Moving nvstd::function object (with __device___) to another class

Hello,
I want to move nvstd::function-objects to another other class, where the nvstd::function-objects should be executed. I wrote an example, that my problem becomes more clear:

[Code-Description:]
The GPUClass process the nvstd::function-object by using the global kernel-method to call the nvstd::function-object on the GPU/device. In main, I create a nvstd::function-object with a lambda expression and give it into the GPUClass-object.

[Code:]

 template<class F>
_global_
void kernel(F f) {
  f();
}

class GPUClass {
	public:
	template<class K>
	void processLambda(K func_gpu){
		kernel<<<1,1>>>(func_gpu);
	}
};

int main() {
	nvstd::function<void(void)> func = [=]__device__(){printf("On GPU!\n");};
	
	GPUClass* gpuclass = new GPUClass();
	gpuclass->processLambda(func);
	return 0;
}

[Problem:]
The Example doesnt output “On GPU!\n”. I think, its because the first line in main():

nvstd::function<void(void)> func = [=]__device__(){printf(“On GPU!\n”);};

The nvstd::function has no __device__ part and because of that the function is managed as a host-function and cant processed at the device.

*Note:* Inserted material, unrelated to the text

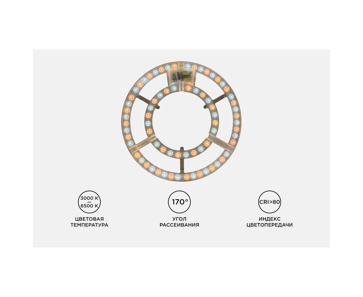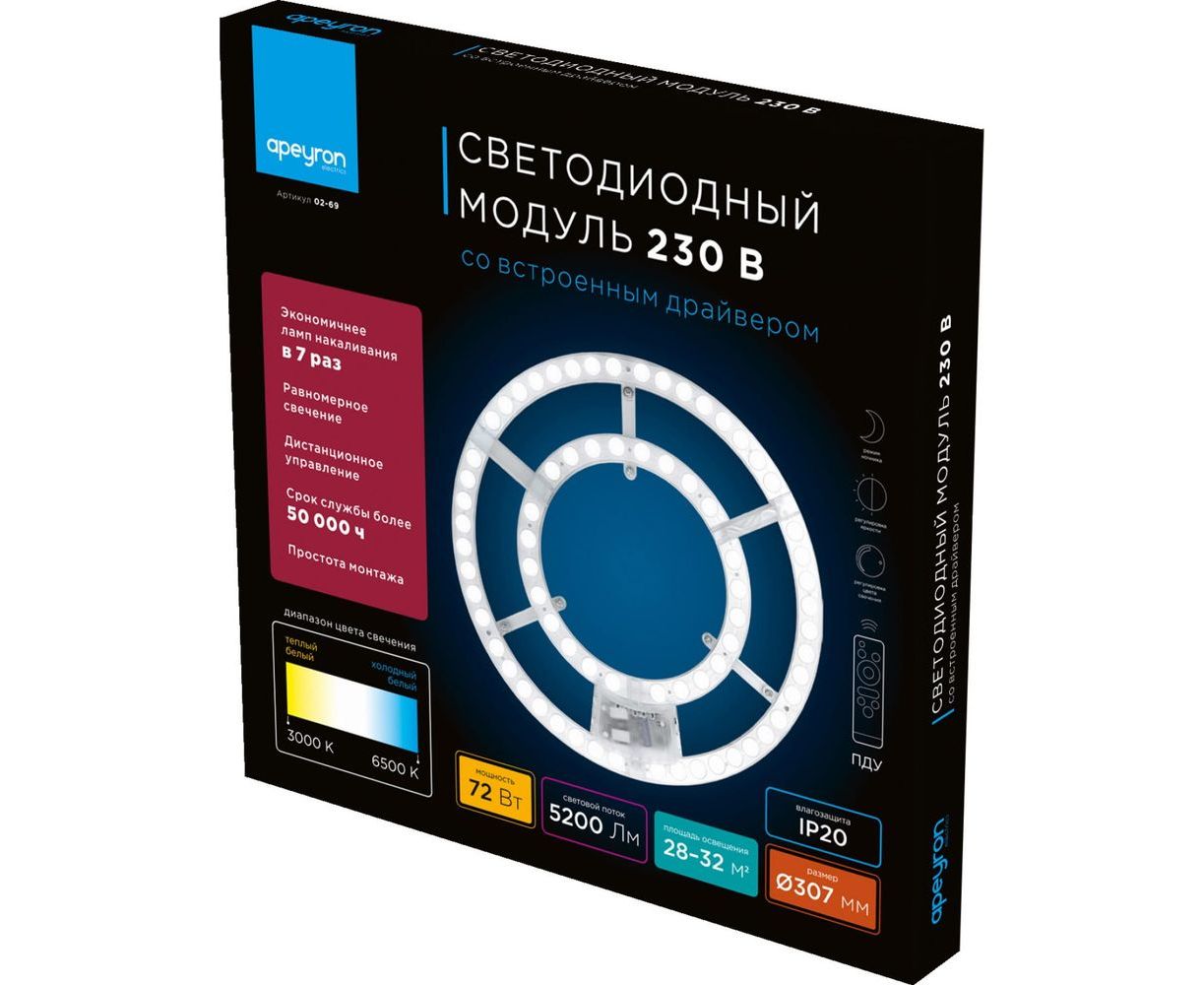 Светодиодный модуль со встроенным драйвером Apeyron 230В, 72Вт, smd2835, 5200Лм, 3000-6500К, круглая, с пультом 02-69 предназначен для замены стандартных ламп, а также современных светодиодных источников свечения, которые уже повсеместно используются в настенно-потолочных светильниках. Благодаря конструкции этого модуля плафон светильника будет светиться на все 100%. Благодаря большей площади охлаждения срок службы будет в разы больше.У данного изделия световой поток равен 5200 лм, что является эквивалентом 5-ти ламп накаливания мощностью по 110 Вт каждая.

But when I add the __device__ part, than I get the following error-message:

error: an automatic __device__ variable declaration is not allowed inside a host function body

[Question:]
Is there a way that I can move a lambda expression to another class, where this lambda expression get processed at the device?

Best Greetings,
Tobi

from here:

Instances of nvstd::function in host code cannot be initialized with the address of a __device__ function or with a functor whose operator() is a __device__ function.

and:

nvstd::function instances cannot be passed from host code to device code (and vice versa) at run time.

This works:

$ cat t122.cu
#include <cstdio>
template<class F>
__global__
void kernel(F f) {
  f();
}

class GPUClass {
        public:
        template<class K>
        void processLambda(K func_gpu){
                kernel<<<1,1>>>(func_gpu);
        }
};

int main() {
        auto func = [=]__device__(){printf("On GPU!\n");};

        GPUClass* gpuclass = new GPUClass();
        gpuclass->processLambda(func);
        cudaDeviceSynchronize();
        return 0;
}
$ nvcc -std=c++11 t122.cu -o t122 --extended-lambda
$ ./t122
On GPU!
$

Note that I also added a cudaDeviceSynchronize(), which is necessary.

Thank you so much. That helps a lot!